Teams that chose the hybrid will control completely the basketball operations of their D-League affiliate. The NBA teams will assign the coaches and make the player personnel decisions for the minor league team. As a consequence, the NBA team must commit to paying the $300,000 to $400,000 a season that it costs to expense the D-League organization’s basketball operations. This cost includes paying the salaries of head and assistant coaches, players and trainers.

The details were outlined in a memo the league office sent to its 30 teams on Thursday. Currently, the Los Angeles Lakers, Oklahoma City Thunder and San Antonio Spurs own and operate their own D-League affiliates.

“The cost [of running a team] is less than a minimum-player salary, so it’s worth it to control your young talent,” a Western Conference executive told Yahoo! Sports. “You can either spend that money to build a great minor-league system or you can spend it on a minimum guy that’s sitting at the end of your bench.”

In its eighth season, the D-League has 16 teams and plans to add a 17th franchise in Portland, Maine, next season. Every NBA team has an affiliate that it can use to season players. NBA teams also can recall players who aren’t the property of particular teams. So far this season, 12 players have been called up to the NBA from the D-League.

tp2021
03-05-2009, 11:28 PM
So, what about the teams that have to share an affiliate? And what benefits/incentives do teams have for actually owning the D-League affiliate?

ChumpDumper
03-06-2009, 12:01 AM
I'm sure some teams (Utah, Cleveland) have been pushing for this arrangement, and of course Boston probably put it over the top with their all-but-announced affiliate in Maine.


So, what about the teams that have to share an affiliate?They don't get to do this, though in some cases they might be able to piggy back on another team's hybrid affiliation like Boston has nominally done with Utah.
And what benefits/incentives do teams have for actually owning the D-League affiliate?I'm sure some teams would like to control all aspects of the franchise like marketing campaigns, sales and pr personnel, etc. I can't see the Spurs doing without that control, just as I couldn't see the Thunder's letting a company like SW Basketball run it's D-League team the way it was before the buyout.

pad300
03-06-2009, 10:34 AM
Is it just me, or did SAS, LAL and OKC get hosed. They put in significantly more investment (iirc, the purchase of the Toros was 2 or 3 million, not 300,000) , and then everyone else gets to jump in for cheap?

coyotes_geek
03-06-2009, 10:36 AM
Is it just me, or did SAS, LAL and OKC get hosed.
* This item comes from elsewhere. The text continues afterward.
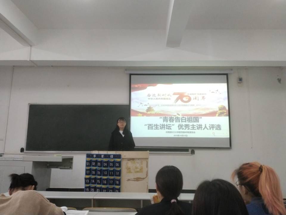 此次活动分为优秀主讲人评选和活力团支部的竞选。tyc5997太阳集团“百生讲坛”—— “青春告白祖国”为主题的优秀主讲人评选于2019年10月27日时在7教210举行,活动到场的评委及嘉宾有公司党委副书记平先锋、团委书记雷静、团委员工会主要成员。

They put in significantly more investment (iirc, the purchase of the Toros was 2 or 3 million, not 300,000) , and then everyone else gets to jump in for cheap?
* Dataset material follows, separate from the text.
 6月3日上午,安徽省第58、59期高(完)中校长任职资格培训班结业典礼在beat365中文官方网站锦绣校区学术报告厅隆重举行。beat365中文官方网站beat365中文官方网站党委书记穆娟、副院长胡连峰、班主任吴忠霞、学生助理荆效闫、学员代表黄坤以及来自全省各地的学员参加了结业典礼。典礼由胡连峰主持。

Sure looks that way to me. I guess whether or not they're getting hosed depends on whether or not the teams are actually turning a profit.

coyotes_geek
03-06-2009, 10:38 AM
And what benefits/incentives do teams have for actually owning the D-League affiliate?
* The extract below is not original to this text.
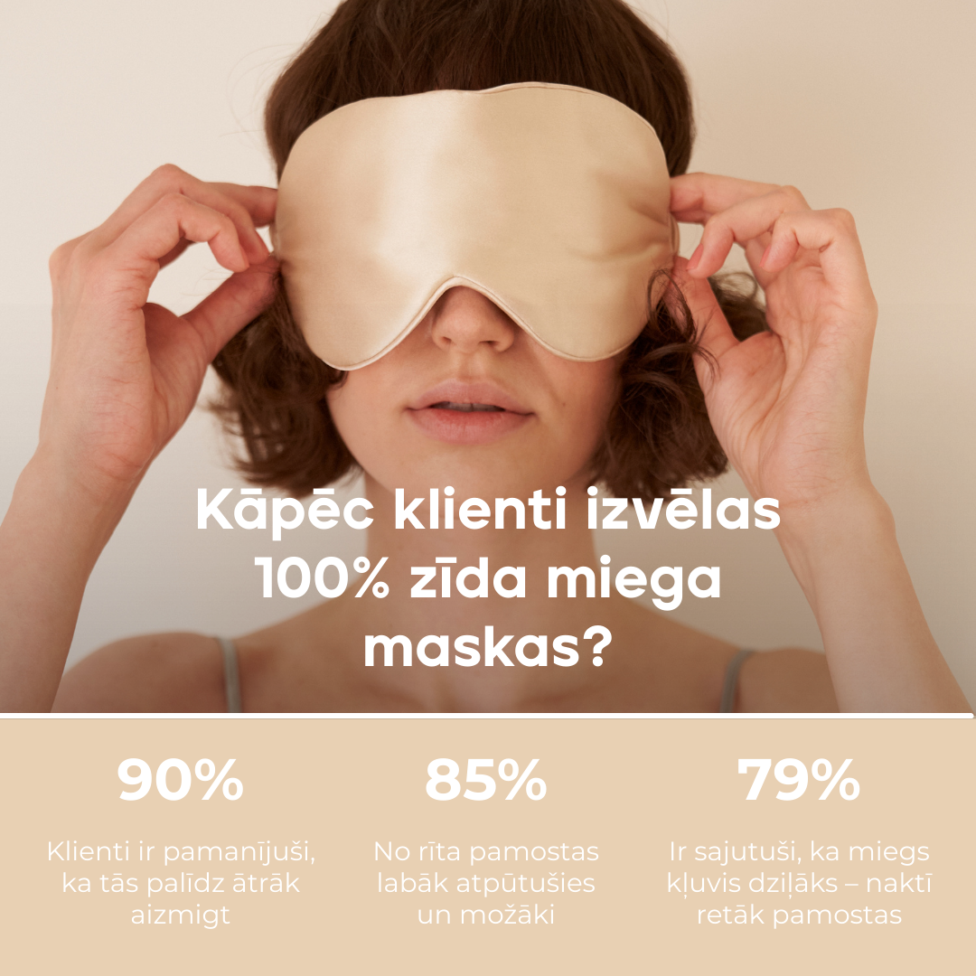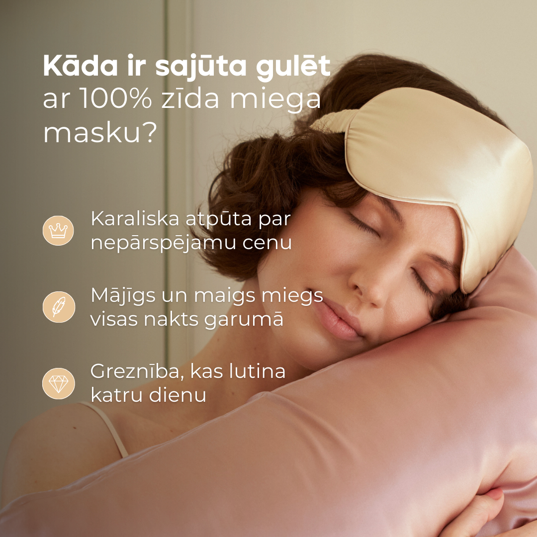 Ienirstiet greznā komfortā ar donum. 100% zīda miega masku. Mūsu zīda maskas ir radītas tā, lai bloķētu pat vismazākos gaismas starus un maigi apņemtu jūsu acis ar tumsas plīvuru, kas veicina dziļāku un veselīgāku miegu.

The main benefit is that the team has complete control over how the d-league team is run. The Spurs can tell Quin Snyder what offense to run, what defense to run and what players to give minutes to. If the Toros were a shared NBDL franchise Snyder would be stuck in the middle between two or more franchises all wanting their offense ran and their players receiving the most attention.